Commerce Act changes announced today are good for consumers, Enterprise and Commerce Minister Max Bradford says.
"The changes will protect competition in markets and in doing so encourage downward pressure on prices and improvements
in the quality of goods.
"By promoting competition, the changes encourage innovation and better consumer access to a wider variety of goods," he
Mr Bradford said the proposed amendments added to those already before Parliament.
"The additional changes underline the Government's commitment to achieving real, sustainable economic growth by creating
an environment where competition can thrive," he said.
Competition Law Strengthened
Commerce Act changes to ensure competition law keeps track with New Zealand's increasingly open and diverse economy have
been announced by Enterprise and Commerce Minister Max Bradford.
Mr Bradford said today the changes underlined the Government's commitment to achieving real, sustainable economic growth
by creating an environment where competition can thrive.
He announced the Government would:
Further strengthen the Commerce Act's penalties and remedies for commercial behaviour that stifles competition. The
Commerce Commission will be empowered to issue cease and desist orders.
Restore the strength of section 36 of the Commerce Act to pre-1992 levels, by incorporating the "high market power"
concept into the definition of dominance.
This will make it easier for competitors of dominant firms to use section 36 to restore competition in their markets.
Parliament had always intended this to be the case, but successive court decisions have relied on a dictionary
definition, rather than the intended economic test, of dominance, Mr Bradford said.
Set the threshold for mergers and acquisitions so that it allows scrutiny of all proposals that are potentially
detrimental to competition in New Zealand markets.
This will allow the Commerce Commission to scrutinise mergers where "high market power" can be gained in a sector
without a single firm gaining a high market share.
Where mergers do breach the new threshold, the changes will allow them to proceed if there are public benefits that
outweigh the anti-competitive detriment.
Mr Bradford said the changes set a delicate balance between preventing dominant firms from using their market power to
stifle or eliminate competition, while at the same time allowing those dominant firms to compete.
"Although, the Commerce Act has made an important contribution to making our economy more open and competitive, in some
areas its rules can be improved further," he said.
"These latest measures add to the initiatives to strengthen the Act’s penalties and remedies already before Parliament.
"The changes will greatly benefit the competitive process and in so doing help facilitate innovation, inward investment
and economic growth," Mr Bradford said.
The changes would be introduced through a Supplementary Order Paper, he said.
Commerce Act Changes
What Is The Commerce Act Designed To Do?
The Commerce Act 1986 aims to promote competition in markets in New Zealand. It is the primary legislative tool used
to facilitate the competitive process. It does this to secure gains in economic growth, which are critical to improving
the standard of living of New Zealanders.
Why Do We Need To Improve The Effectiveness Of The Commerce Act?
New Zealand's economy has changed dramatically over the past decade.
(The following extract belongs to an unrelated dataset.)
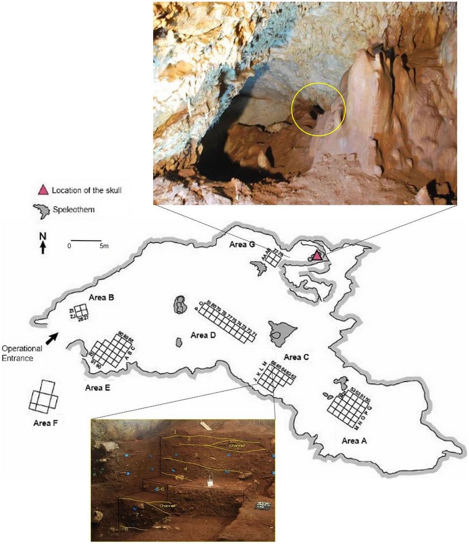 以色列西加利利Manot洞穴中发现距今大约5.5万年前的人类头骨碎片(化石网配图)

It is more open and competitive due to domestic
deregulation and an increase in global competition. Competition has particularly increased in the tradeable sector of
the economy. Successive Governments have sold most of the large state-owned enterprises, and whole sectors of the
economy that were monopolies have been opened up to competition. Sector specific regulation of businesses has also been
removed or greatly reduced.
These changes place a heightened reliance on the Act to promote effective competition in the non-tradeable sector.
Inefficiencies in the non-tradeable sector creates less pressure on the tradeable sector for innovation and economic
growth and is a tax on the tradeable sector. If we want to continue to succeed on the world’s markets we need to ensure
that strong efficiency disciplines are brought to bear on the non-tradeable sector. The Commerce Act provides a
mechanism to reduce the possibility that government regulation is not replaced with private regulation with the effect
of reducing efficiency in the non-tradeable sector.
In some areas the Act’s rules need to be more effective in promoting competition. Section 36 needs to be strengthened
to pre-1992 levels. It is the key prohibition in promoting competition in utilities markets, which are the core of the
non-tradeable sector. The current threshold for mergers in section 47 cannot deal with some accumulations of market
power, particularly in the non-tradeable sector, that can be detrimental to the economy. The Act’s penalties and
remedies need to be higher to ensure compliance with the Act.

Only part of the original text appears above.